5. Track expenses daily.
I used to weigh over 200 pounds and I finally started to lose weight when I began the Weight Watchers program. For me, the best part of the program was that it forced me to track the food I was eating. The process of tracking everything made me mindful of my eating and led me to start making more changes. You can do the same thing with your money. There are a number of free apps like Expenses OK or Spending Tracker that can help you with expense tracking or I have clients who simply put it all in an excel spreadsheet everyday. The best part about expense tracking is that it will make you more mindful of your money and force you to start to think about how you spend it.
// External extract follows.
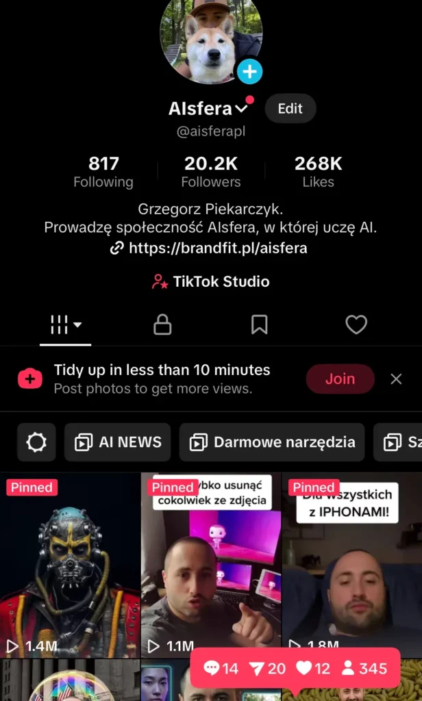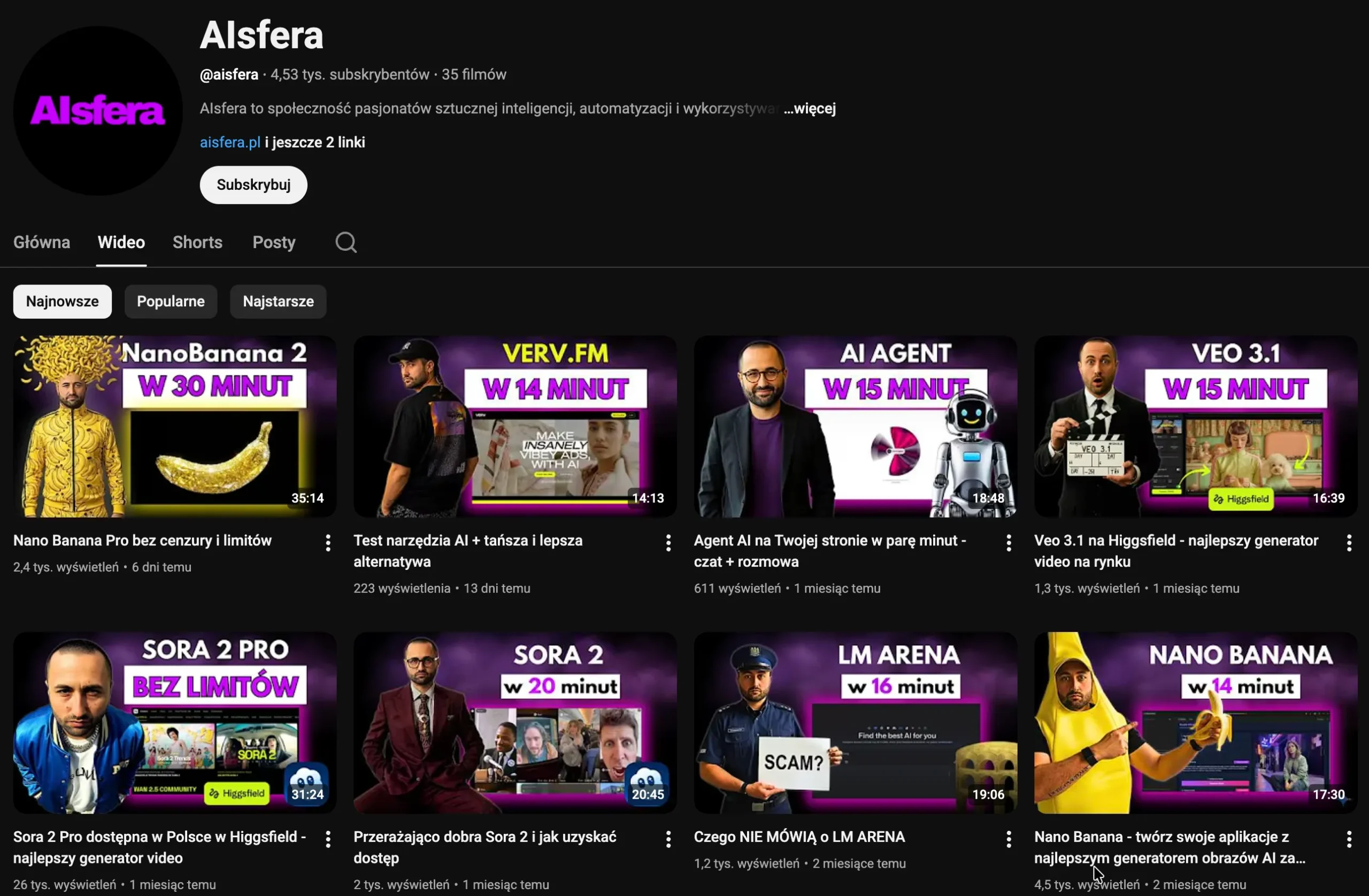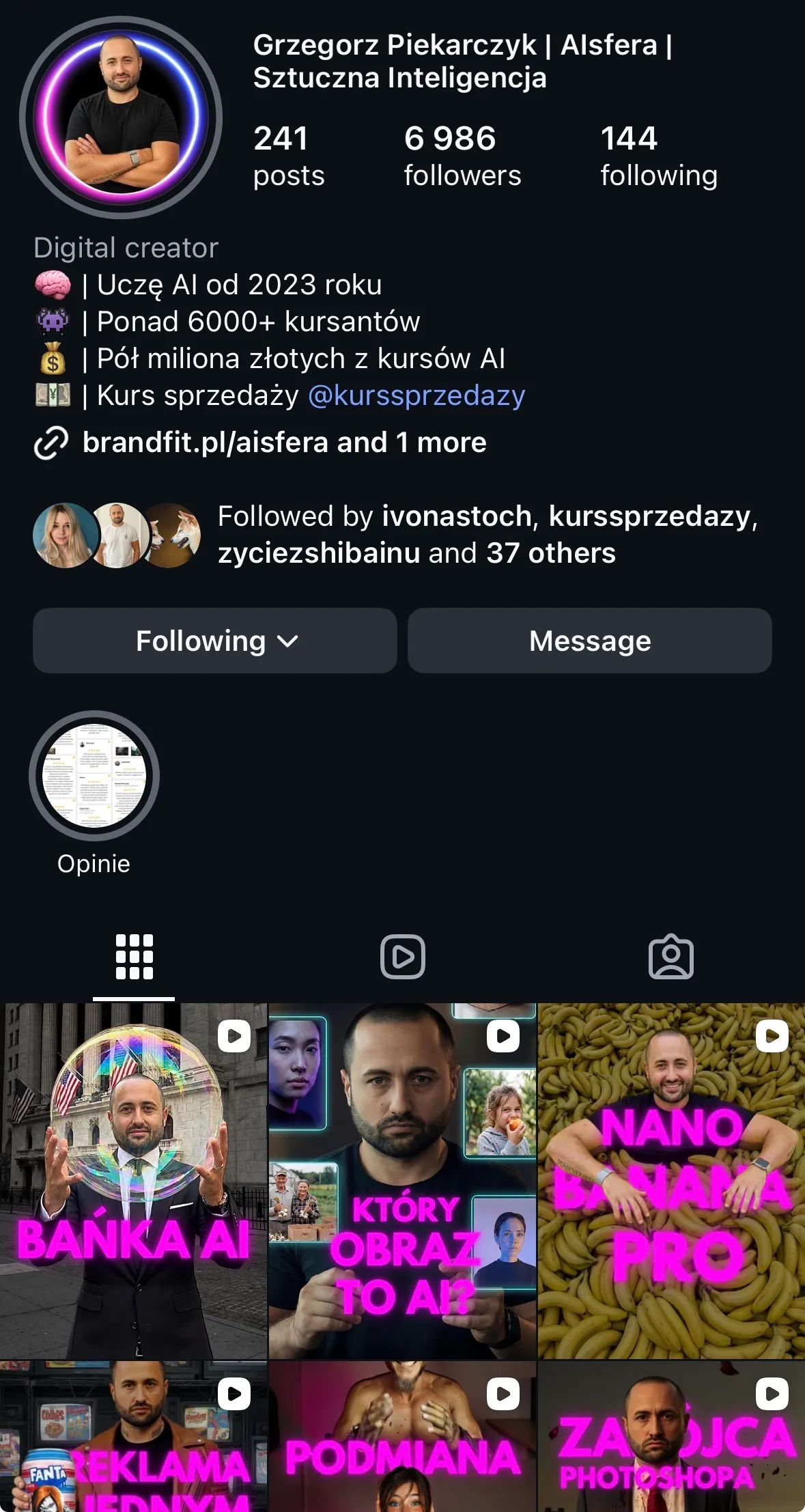 Na pierwszym miejscu jest AIsfera. Jak zostaje mi trochę czasu, to publikuję w social mediach o AI.

6. Try a monthly savings challenge.
I truly believe that anyone can do anything for a month, so I suggest that you try one of the numerous monthly financial savings challenges that are out there for at least January or maybe try another one in February. My good friend runs an Uber Frugal Challenge every January that has changed lives, or you can just search for savings challenges and find your options on Pinterest or personal finance blogs.
7. Go on a cash diet.
I don’t know about you, but after the holidays, I need to eat more salads and less junk food and drink more water and less alcohol. If you spent a bunch of money on your friends and family this holiday season and you’re credit cards have a little extra meat on them, then I suggest you try a cash diet for the next few weeks or months. Limit yourself to a certain amount of money every week, (typically around $50-$100) and see if you can live off of just that amount every week. Mindfulness of your money is a large component to getting financially healthy, and nothing will make you more mindful of your money than cash.
I advise clients to go on cash diets all the time as there is neurological research that has proven that when we swipe debit and credit cards, we literally shut our brains down and we don’t process what’s happening. When you use cash, you’re forced to keep your brain engaged whether it’s counting the money to pay it out or realizing that you’re about to run out of it and have to change your plans. Cash diets are great ways to keep your spending under control and increase your money mindfulness.
8. Schedule Weekly Financial Exercises
This time of year, most of the regular gyms will be filled with people exercising to get back into shape after the holidays, and just like there’s physical exercises for our bodies, there are financial exercises for our balance sheets. I’ve shared some of my favorite’s here, and just like you’d schedule time in your calendar to exercise your body, schedule time in your calendar to exercise your financial health as well. For the best results, I suggest trying a financial exercise two to three times a week on a regular basis.